The answer must be the full data, restated word for word, with no pictures in it.

» DATA SECTION
>>>>
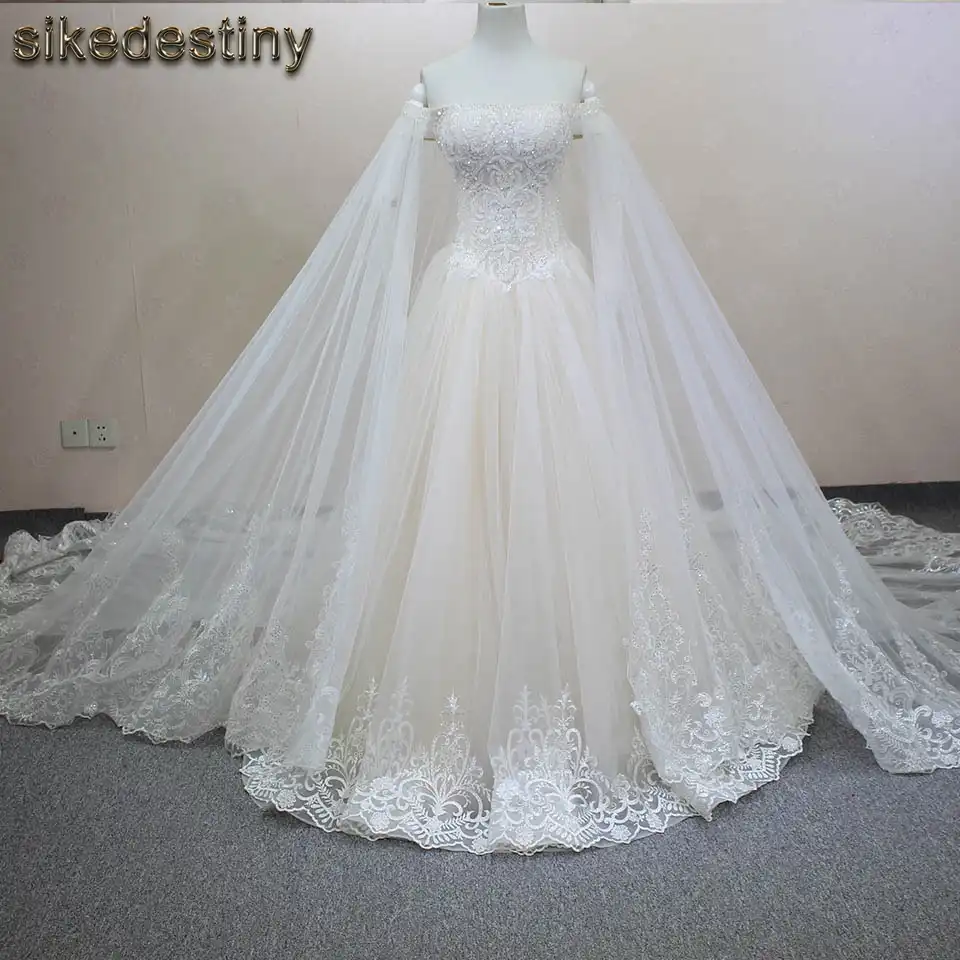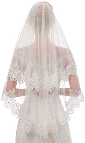 Ava Lace Edge Ivory One Tier Cathedral Wedding Veil Floor Length Lace A Line Wedding Dress With Veil
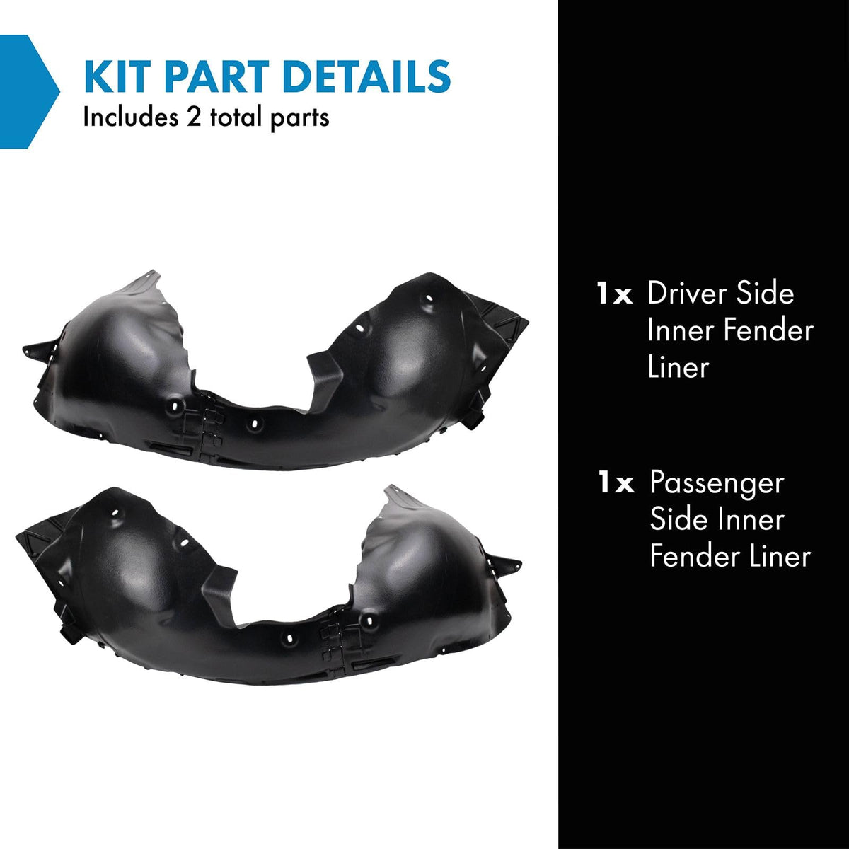 Trq Inner Fender Liner Set Compatible With 2011-2017 Buick Regal Gm1248283 Gm1249283
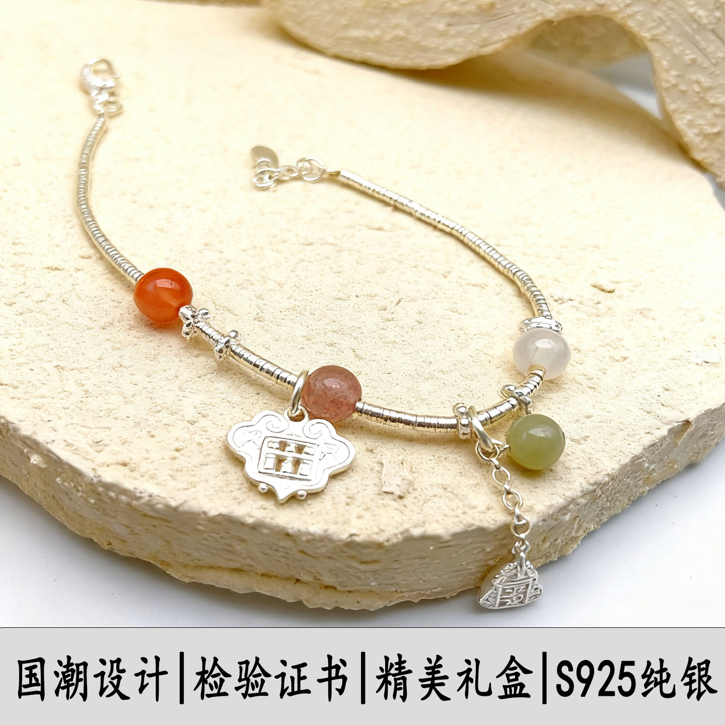 纯银平安锁手链女款轻奢手串小众国风足银饰品送女友闺蜜生日礼物
<<<<
» COMPLETED TASK
 Ava Lace Edge Ivory One Tier Cathedral Wedding Veil Floor Length Lace A Line Wedding Dress With Veil
 Trq Inner Fender Liner Set Compatible With 2011-2017 Buick Regal Gm1248283 Gm1249283
 纯银平安锁手链女款轻奢手串小众国风足银饰品送女友闺蜜生日礼物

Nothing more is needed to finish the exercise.